The Transparency of Transparency International

Sunday, June 26, 2016: 10:45 AM-12:15 PM
246 Dwinelle (Dwinelle Hall)
Byron VIllacis, UC Berkeley, Berkeley, CA
This paper analyzes the Non-Governmental Organization Transparency International (TI) and its golden product: the Corruption Perception Index (CPI). Examining detailed information of five years of external audit reports, assessing the methodology of the CPI and, researching the professional background of its executives, I found elements to conclude that the NGO is not interested in the reduction of the levels of corruption –as it public statement says– but in: 1) monopolize the construction of the social category of government corruption and to expand its influence as a center of policy, 2) signal specific developing countries as the worst performers when trying to diminish the perception of corruption and, 3) create and recommend programs associated with the institutionalization of free market policies. A salient point of the empirical results reveals that there is a closed circuit of money in the budget administrated by the NGO: the main donors countries are, at the same time, the main beneficiaries of budgetary expenses. Additionally, since the existence of the CPI, these countries are qualified as “non-perceived as corrupts.”

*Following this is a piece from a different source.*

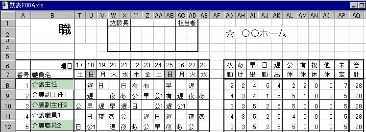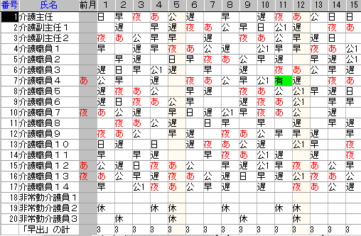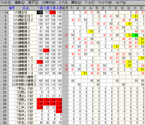 作業途中です。個人毎の勤務種類別計は表の右側に表示します。(この画面では略)

TI, I argue, takes advantage of the technical ambiguity of the category of government corruption to transform it in a subject of public policy to justify assistance from international organisms. In this sense, TI becomes a mutation of traditional capitalist organizations that promoted and imposed a development model in the Global South, using as a tactical tool the redefinition of good government, creating categories of public performance and redefining mechanisms of legitimation of the public sphere.

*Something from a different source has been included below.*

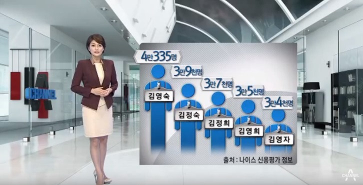 1년 전, 종합편성 채널A 뉴스에서 대한민국의 성씨와 이름 중 가장 흔하고 많은 사람들 대상으로 나이스 신용평가 정보에 의뢰해 조사가 이뤄졌다.

The configuration of the CPI is a signal of a socio-technical system that pretends to be interpreted as an objective measure of performance. In some implicit ways, its subjective appreciation is translatable to monetary terms, always in a neoclassical framework. What I argue is the relationship between knowledge and power, and how it creates interactive mechanisms to evaluate, from the global north to the behavior of developing countries. The statistical processing of information –here the CPI and its pitfalls– allows the exercise of power to be targeted quite precisely under an environment of the subjective concept of corruption. I recall Bourdieu (1991) and Simon (1988) at the moment to link the statistical practice with ideological effects that are present in societies even at an unconscious level. The advantage of this new face of capitalist organizations is the reduction of the political cost of their interference; with a soundlessly execution of power and making possible to segment populations (in this case, groups of countries: corrupts and non corrupts) to then organize them and influence a sense of belonging (under a subjective categorization, developing countries are the corrupts).